* **DIRECTIONS FOR THIS TASK**
Once the line holding "2568 = 1122 | |" is found in the listing below, write it out and each later line exactly, up to and including the one holding "全体劳动者生产的总产品=全体劳动者消费的总产品+全体非劳动人口消耗的总产品".

* **SUPPLIED DATA**
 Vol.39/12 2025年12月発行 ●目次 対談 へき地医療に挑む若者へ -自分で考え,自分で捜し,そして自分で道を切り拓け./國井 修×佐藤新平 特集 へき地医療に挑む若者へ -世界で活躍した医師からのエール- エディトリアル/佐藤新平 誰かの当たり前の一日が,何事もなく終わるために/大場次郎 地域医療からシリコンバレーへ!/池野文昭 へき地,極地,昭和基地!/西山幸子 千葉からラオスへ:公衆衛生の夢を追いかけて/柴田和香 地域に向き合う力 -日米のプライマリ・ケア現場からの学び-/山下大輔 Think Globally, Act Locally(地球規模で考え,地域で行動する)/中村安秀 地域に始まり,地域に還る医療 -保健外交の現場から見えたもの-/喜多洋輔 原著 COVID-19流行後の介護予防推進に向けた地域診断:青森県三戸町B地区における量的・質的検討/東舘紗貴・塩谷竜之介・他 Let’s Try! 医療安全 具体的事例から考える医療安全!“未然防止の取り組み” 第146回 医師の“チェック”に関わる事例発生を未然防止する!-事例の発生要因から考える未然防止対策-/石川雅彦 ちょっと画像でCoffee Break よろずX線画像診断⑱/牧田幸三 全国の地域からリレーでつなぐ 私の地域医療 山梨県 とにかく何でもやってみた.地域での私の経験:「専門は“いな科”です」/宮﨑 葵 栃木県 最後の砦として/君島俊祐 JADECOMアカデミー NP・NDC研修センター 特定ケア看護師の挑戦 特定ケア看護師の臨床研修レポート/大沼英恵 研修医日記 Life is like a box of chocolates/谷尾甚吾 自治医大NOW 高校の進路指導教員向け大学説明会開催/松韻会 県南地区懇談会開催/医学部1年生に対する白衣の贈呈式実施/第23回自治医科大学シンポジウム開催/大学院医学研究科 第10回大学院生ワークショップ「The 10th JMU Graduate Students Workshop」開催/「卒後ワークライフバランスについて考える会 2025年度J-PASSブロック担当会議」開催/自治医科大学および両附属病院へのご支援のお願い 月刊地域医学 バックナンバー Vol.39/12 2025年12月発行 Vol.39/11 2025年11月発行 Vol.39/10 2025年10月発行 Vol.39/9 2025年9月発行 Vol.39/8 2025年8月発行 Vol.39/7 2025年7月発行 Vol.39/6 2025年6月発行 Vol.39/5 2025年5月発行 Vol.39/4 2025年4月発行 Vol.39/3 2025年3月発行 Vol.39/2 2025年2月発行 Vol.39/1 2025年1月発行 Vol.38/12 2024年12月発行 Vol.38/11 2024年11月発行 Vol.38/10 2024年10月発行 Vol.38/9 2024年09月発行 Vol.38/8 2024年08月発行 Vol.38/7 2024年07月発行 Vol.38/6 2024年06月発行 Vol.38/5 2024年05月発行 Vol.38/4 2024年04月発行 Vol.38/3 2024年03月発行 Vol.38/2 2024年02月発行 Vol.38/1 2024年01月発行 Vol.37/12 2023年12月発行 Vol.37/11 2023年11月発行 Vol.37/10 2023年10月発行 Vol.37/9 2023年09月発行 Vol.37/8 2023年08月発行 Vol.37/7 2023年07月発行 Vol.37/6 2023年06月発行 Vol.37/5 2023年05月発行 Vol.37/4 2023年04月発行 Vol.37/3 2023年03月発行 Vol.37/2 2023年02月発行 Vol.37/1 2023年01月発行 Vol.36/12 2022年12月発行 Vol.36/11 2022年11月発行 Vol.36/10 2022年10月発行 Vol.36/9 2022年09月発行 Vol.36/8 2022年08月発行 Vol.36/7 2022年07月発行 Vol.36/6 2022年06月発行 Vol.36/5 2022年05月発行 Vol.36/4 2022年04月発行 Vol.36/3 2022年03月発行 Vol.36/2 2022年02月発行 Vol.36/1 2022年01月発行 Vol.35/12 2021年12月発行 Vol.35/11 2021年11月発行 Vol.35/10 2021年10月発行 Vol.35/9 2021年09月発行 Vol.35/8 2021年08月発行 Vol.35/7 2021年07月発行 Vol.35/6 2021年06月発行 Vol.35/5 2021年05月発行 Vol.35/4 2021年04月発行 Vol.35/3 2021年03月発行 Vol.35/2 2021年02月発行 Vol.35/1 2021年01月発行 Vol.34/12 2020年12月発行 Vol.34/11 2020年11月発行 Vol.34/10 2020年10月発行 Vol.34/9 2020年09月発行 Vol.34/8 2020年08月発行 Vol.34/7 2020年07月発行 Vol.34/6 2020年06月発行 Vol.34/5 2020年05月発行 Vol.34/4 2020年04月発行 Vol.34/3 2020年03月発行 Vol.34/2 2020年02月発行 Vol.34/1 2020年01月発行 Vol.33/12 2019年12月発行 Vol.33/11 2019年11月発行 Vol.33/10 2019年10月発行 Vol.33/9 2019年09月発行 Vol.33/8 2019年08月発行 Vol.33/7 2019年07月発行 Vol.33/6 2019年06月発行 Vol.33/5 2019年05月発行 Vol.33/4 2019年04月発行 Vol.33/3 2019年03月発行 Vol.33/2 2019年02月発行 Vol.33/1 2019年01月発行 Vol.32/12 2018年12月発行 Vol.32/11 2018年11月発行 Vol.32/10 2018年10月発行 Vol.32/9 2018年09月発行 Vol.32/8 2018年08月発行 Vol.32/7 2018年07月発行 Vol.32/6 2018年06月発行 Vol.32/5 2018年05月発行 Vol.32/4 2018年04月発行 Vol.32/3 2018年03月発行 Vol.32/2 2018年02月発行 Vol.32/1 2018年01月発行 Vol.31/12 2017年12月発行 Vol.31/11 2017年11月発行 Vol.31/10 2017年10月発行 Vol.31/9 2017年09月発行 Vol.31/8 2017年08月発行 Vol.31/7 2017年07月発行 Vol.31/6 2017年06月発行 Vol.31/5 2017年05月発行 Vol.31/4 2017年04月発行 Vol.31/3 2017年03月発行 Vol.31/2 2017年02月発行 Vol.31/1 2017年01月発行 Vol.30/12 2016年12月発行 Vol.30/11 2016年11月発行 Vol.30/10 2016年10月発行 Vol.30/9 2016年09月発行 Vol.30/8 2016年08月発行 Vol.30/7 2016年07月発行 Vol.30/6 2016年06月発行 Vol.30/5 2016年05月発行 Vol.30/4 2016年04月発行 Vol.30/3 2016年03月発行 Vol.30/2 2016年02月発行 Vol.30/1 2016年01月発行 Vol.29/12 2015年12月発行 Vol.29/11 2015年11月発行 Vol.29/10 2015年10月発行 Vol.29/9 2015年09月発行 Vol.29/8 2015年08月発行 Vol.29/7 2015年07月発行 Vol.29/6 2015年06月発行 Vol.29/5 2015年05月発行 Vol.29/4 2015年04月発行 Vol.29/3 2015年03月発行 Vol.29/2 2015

--

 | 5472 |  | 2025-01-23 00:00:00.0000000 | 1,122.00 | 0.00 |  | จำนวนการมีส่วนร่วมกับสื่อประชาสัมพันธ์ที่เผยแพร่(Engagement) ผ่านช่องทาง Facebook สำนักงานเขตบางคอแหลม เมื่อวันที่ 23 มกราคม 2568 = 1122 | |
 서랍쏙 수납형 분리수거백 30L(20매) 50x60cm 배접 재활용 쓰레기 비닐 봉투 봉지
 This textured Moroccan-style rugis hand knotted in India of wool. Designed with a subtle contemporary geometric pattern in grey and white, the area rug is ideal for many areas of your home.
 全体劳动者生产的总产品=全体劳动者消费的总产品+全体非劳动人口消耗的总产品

* **OUTPUT BELOW**
 | 5472 |  | 2025-01-23 00:00:00.0000000 | 1,122.00 | 0.00 |  | จำนวนการมีส่วนร่วมกับสื่อประชาสัมพันธ์ที่เผยแพร่(Engagement) ผ่านช่องทาง Facebook สำนักงานเขตบางคอแหลม เมื่อวันที่ 23 มกราคม 2568 = 1122 | |
 서랍쏙 수납형 분리수거백 30L(20매) 50x60cm 배접 재활용 쓰레기 비닐 봉투 봉지
 This textured Moroccan-style rugis hand knotted in India of wool. Designed with a subtle contemporary geometric pattern in grey and white, the area rug is ideal for many areas of your home.
 全体劳动者生产的总产品=全体劳动者消费的总产品+全体非劳动人口消耗的总产品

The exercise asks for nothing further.